Jones V. Brown
Author :
Publisher :
Page : 104 pages
File Size : 42,25 MB
Release : 1994
Category :
ISBN :
Author :
Publisher :
Page : 104 pages
File Size : 42,25 MB
Release : 1994
Category :
ISBN :
Author : Felix Frankfurter
Publisher :
Page : 40 pages
File Size : 22,79 MB
Release : 1947
Category : Law
ISBN :
Author : Penny Jones
Publisher : Hazelden Publishing
Page : 44 pages
File Size : 16,14 MB
Release : 1983-03-01
Category : Juvenile Fiction
ISBN : 9780894861703
In this allegory, a caterpillar finds such a pleasant mellow glow inside a brown bottle that he rejects his friends and the outside world altogether, and becomes completely dependent on the bottle which traps and eventually kills him.

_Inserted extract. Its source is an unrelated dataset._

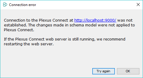 There is a "blank" time, where any changes done to the schema will not be picked up by Plexus Server. First obvious time is when Plexus Server is not running. The other time is, when Plexus Connect servlet is just starting up and is not yet fully initialised. To make sure you are aware such state, IJC will show you an information dialog. The dialog lets you either try again, or simply dismiss the dialog. If dismissed, the dialog will not appear again, until IJC is restarted again.
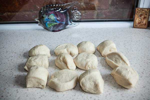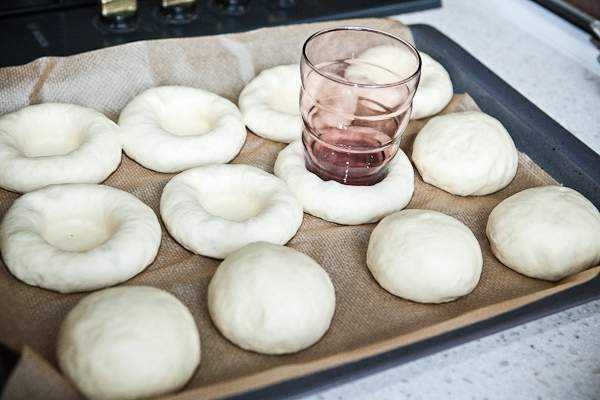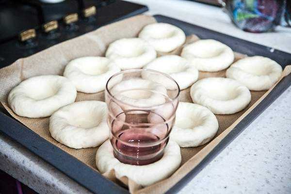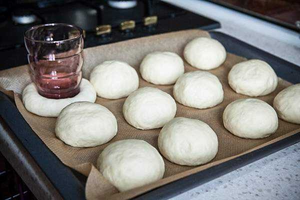После того как шарики теста расстоятся, необходимо сделать углубления под начинку.

Author : United States. Department of Justice
Publisher :
Page : 156 pages
File Size : 50,42 MB
Release : 1947
Category : Administrative agencies
ISBN :
Author : Owen D. Jones
Publisher : Aspen Publishing
Page : 1004 pages
File Size : 42,14 MB
Release : 2020-09-15
Category : Medical
ISBN : 1543801099
"Coursebook on law and neuroscience, including the bearing of neuroscience on criminal law, criminal procedure, and evidence"--
Author : John Pitt TAYLOR
Publisher :
Page : 968 pages
File Size : 50,18 MB
Release : 1868
Category :
ISBN :
Author : Rob Biddulph
Publisher : Macmillan Children's Books
Page : 384 pages
File Size : 42,86 MB
Release : 2021-09-14
Category : Juvenile Fiction
ISBN : 1760988340
Superstar, author and illustrator Rob Biddulph dazzles in Peanut Jones and the Illustrated City, the first title in a brand new adventure series for boys and girls of 8+. Fizzing with magic, danger, friendship and art, this exciting, fun, middle-grade debut is from the bestselling creative genius behind #DrawWithRob. Some legends are born, some are drawn . . . Drawing feels like magic to Peanut Jones. But art can't fix her problems. Her dad has gone missing, and she's stuck in a boring new school. Until the day she finds a unique pencil turbo-charged with special powers. Suddenly she's pulled into a world packed with more colour, creativity, excitement and danger than she could ever have imagined. And maybe, just maybe, she might find out what happened to her dad.
Author : Joanna Nadin
Publisher : OUP Oxford
Page : 0 pages
File Size : 18,75 MB
Release : 2014-01
Category : Juvenile Nonfiction
ISBN : 9780198302773
Join special agent Jake Jones as he tries to stop Vlad the Bad from taking all the things that start with the letter V in Jake Jones v Vlad the Bad. This book is part of Project X Origins, a ground-breaking guided reading programme for the whole school.
Author : John Taylor
Publisher : BoD – Books on Demand
Page : 974 pages
File Size : 23,29 MB
Release : 2023-02-07
Category : Fiction
ISBN : 3368152858
Reprint of the original.
Author : Derrick Bell
Publisher : Oxford University Press
Page : 241 pages
File Size : 15,60 MB
Release : 2004-04-19
Category : History
ISBN : 0198038550
When the landmark Supreme Court case of Brown vs. Board of Education was handed down in 1954, many civil rights advocates believed that the decision, which declared public school segregation unconstitutional, would become the Holy Grail of racial justice. Fifty years later, despite its legal irrelevance and the racially separate and educationally ineffective state of public schooling for most black children, Brown is still viewed by many as the perfect precedent. Here, Derrick Bell shatters the shining image of this celebrated ruling. He notes that, despite the onerous burdens of segregation, many black schools functioned well and racial bigotry had not rendered blacks a damaged race. He maintains that, given what we now know about the pervasive nature of racism, the Court should have determined instead to rigorously enforce the "equal" component of the "separate but equal" standard. Racial policy, Bell maintains, is made through silent covenants--unspoken convergences of interest and involuntary sacrifices of rights--that ensure that policies conform to priorities set by policy-makers. Blacks and whites are the fortuitous winners or losers in these unspoken agreements. The experience with Brown, Bell urges, should teach us that meaningful progress in the quest for racial justice requires more than the assertion of harms. Strategies must recognize and utilize the interest-convergence factors that strongly influence racial policy decisions. In Silent Covenants, Bell condenses more than four decades of thought and action into a powerful and eye-opening book.